En el estacionamiento, al lado de la camioneta de Ángel, estaba la enfermera que me había atendido, portando la misma sonrisa amable y maternal. Temí que estuviera allí para reclamarme por mi comportamiento, o peor, para dar cuenta de lo ocurrido a mi padre.

—Mamá, Valeria vendrá con nosotros a casa, ¿está bien?

—Claro, cariño. ¿Ya te sientes mejor? —se dirigió a mí con dulzura.

Su madre. Era su madre. La vergüenza que ya sentía se multiplicó y sentí mi cara arder.

—Si, lo siento por lo de antes —me obligué a responder—. Yo… no sabía lo que hacía.

—Tranquila, no tienes que disculparte. Es una decisión que hay que pensar muy bien y que nadie debería enfrentar solo —dijo, adivinando que cargaba con ese secreto por mi misma—. ¿Te gusta el pollo? —cambió el tema, notando mi tristeza.

Yo asentí, sin saber que más hacer.

Si hubiera podido, hubiera rechazado la invitación de Ángel. Sentía pena con su madre, no quería mostrarme en aquel estado a su familia. Pero prefería que me vieran así ellos, que no me conocían, a que lo hicieran mis seres queridos. De estar frente a mi padre, Claudio, Andy o Robert me hubiera derrumbado, no hubiera podido controlar mis sentimientos. Necesitaba aclarar mi mente, para ser capaz de hablar con ellos después.

En aquel momento, un territorio neutral era lo que necesitaba.

La casa de Ángel era pequeña pero acogedora. Olía a hogar, a familia. En el jardín, estaba jugando Sara. La pequeña dio un salto y saltó a mi cuello, nada más verme. Su madre la regañó por sus modales pero ella no se dio por enterada. Se puso a parlotear, alegre, mostrándome sus juguetes. Un hombre canoso, de ojos vivarachos, llegó entonces, cargando unas bolsas. Besó a la enfermera y supe que era el padre de Ángel.
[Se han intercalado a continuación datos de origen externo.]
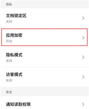 5.最后开启【应用加密】后面的开关,然后选择需要设置加密的应用即可。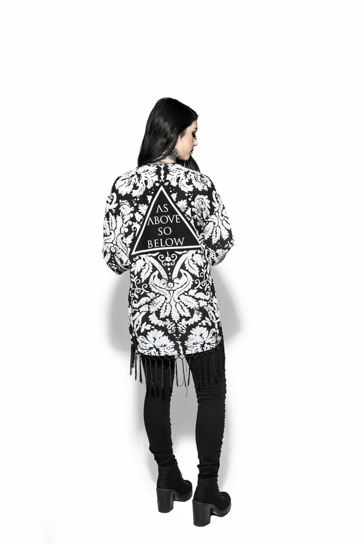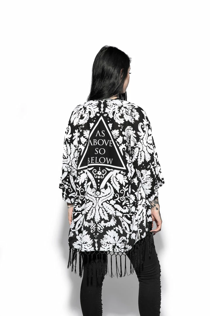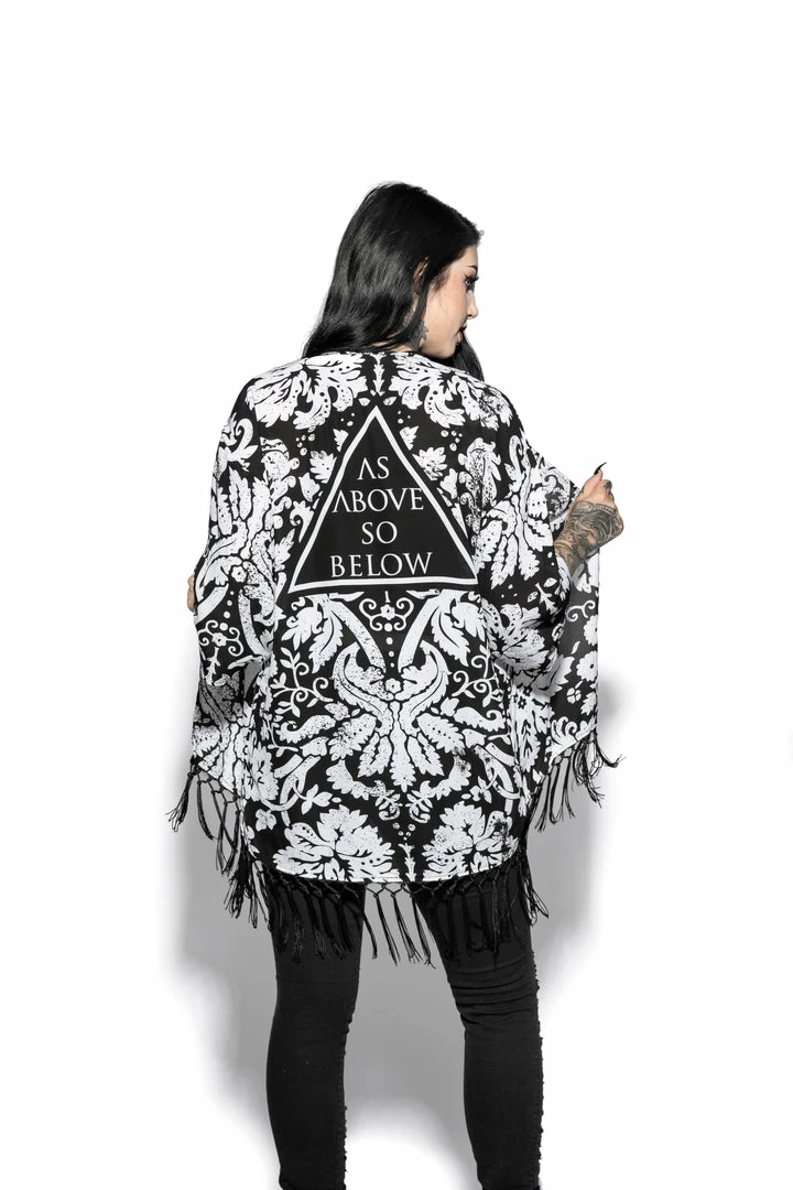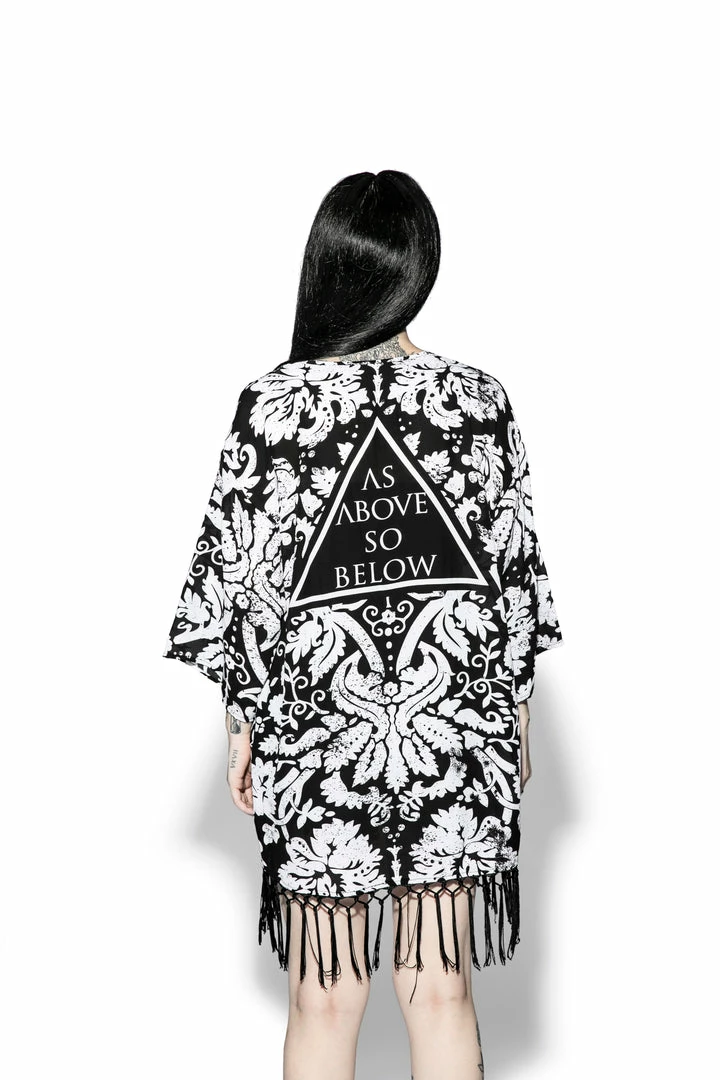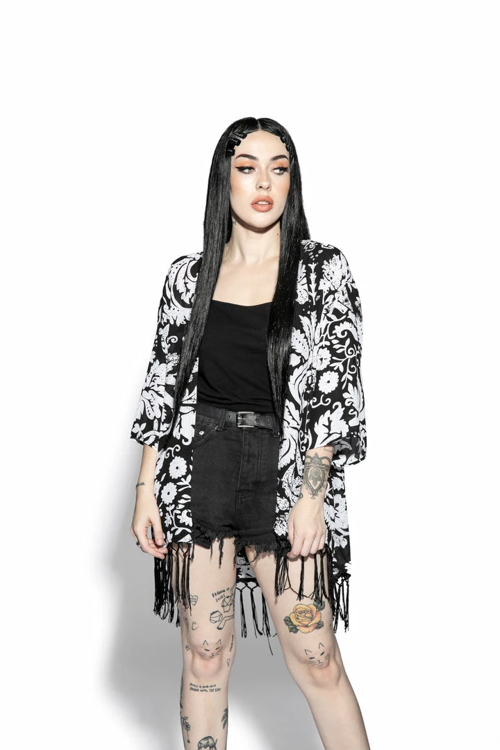 Women’s Oversized kimono with crochet fringe detail at bottom.

Yo estaba aturdida aún. No conseguía reaccionar apropiadamente a los saludos y preguntas que me hacía aquella familia, pero el bonito cuadro que formaban me resultaba agradable. Ángel percibió que me sentía aturullada ante tanta atención y me rescató del cerco familiar.

Sara nos seguía a todas partes como un cachorro y Marta, que así se llamaba la madre de ambos, tuvo que pedirle a la niña que la ayudara con la cena para lograr que nos diera algo de privacidad.

—Tu familia es encantadora —le dije a Ángel, mientras observaba los trofeos que llenaban su cuarto.

—Son un poco parlanchines y entrometidos, a veces, pero son lo máximo. Se ve que tú les has gustado mucho.

—No lo creo —dije, bajando la mirada—. Al menos a tu madre, no le he dado la mejor primera impresión.

—No seas tonta. Mi madre es un sol. Ella no te juzgará por lo que ha pasado hoy. Ni yo lo haré —aclaró, percibiendo mi incomodidad. Yo me revolví nerviosa—. No tienes que contarme nada. Solo quiero que te sientas mejor.

—Gracias —le dije de corazón.

—¿Quieres ver una película? —Yo asentí y la tensión entre nosotros cedió.